This grant supports manufacturing research that advances knowledge pertaining to the fabrication of optical devices, an effort which promotes scientific progress in emerging technologies with the potential to advance national health, prosperity, and defense. Specifically, this research advances key capabilities in cost-effective nanomanufacturing of components known as metasurfaces, which can be tailored to manipulate light with almost arbitrary wavefront shaping control. This important technology holds relevance in areas such as biomedical imaging, optical communications, laser imaging detection and ranging, and optical management for laser trapping and solar energy applications. Nearly all currently available manufacturing processes for producing metasurfaces rely on structuring optical materials through patterning followed by material etching or deposition. This general approach faces fundamental limitations which impact metasurface performance, manufacturing yield, and scalability. This project conducts fundamental research that investigates an innovative fabrication pathway wherein a material's optical properties are directly manipulated and patterned at high resolution without any deposition or etching. In addition to supporting the fabrication of existing metasurface architectures this approach uniquely enables new metasurface designs offering superior operating bandwidths and fabrication tolerances.

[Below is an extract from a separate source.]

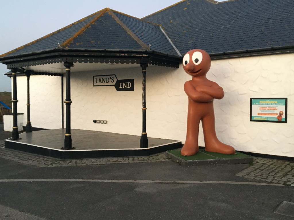 A huge Morph, the first of Nick Park and Aardman Animations’ plasticine heros, stands looking over the scene while over his shoulder is the drama and roar of the open Atlantic. Lots of foreign tourists have their phones at the ready like gunslingers quick to snap anything that suddenly appears. I kind of love this place and its strangeness.

This award supports training of skilled workers to enter into science, technology, engineering, and math careers, provides support for research experiences at the undergraduate level, offers opportunities to integrate research within the undergraduate classroom, encourages women and underrepresented minorities and supports local outreach activities which fosters interest in science for K-12 students.
The technical scope of this work includes: (a) developing a method for patterning refractive index on the surface of a chip with nanoscale resolution, (b) mapping the morphological tuning of porous nanomaterials to effective optical properties, (c) demonstrating the straight-forward fabrication of high performance metasurfaces with both binary and arbitrary refractive index profiles, and (d) offering a transformative new approach for non-resonant (broadband) phase control which overcomes interparticle spacing limitations and improves fabrication tolerance. This research focuses on a technique wherein porous substrates are locally imprinted and densified at high resolution by direct imprinting with three-dimensionally mastered stamps then planarized. With the aim of developing this nanomanufacturing approach to enable the cost effective fabrication of high performance metasurfaces, this research addresses key questions regarding process parameters, process variation and control, mechanical integrity, optical quality, and process limitations.
This award reflects NSF's statutory mission and has been deemed worthy of support through evaluation using the Foundation's intellectual merit and broader impacts review criteria.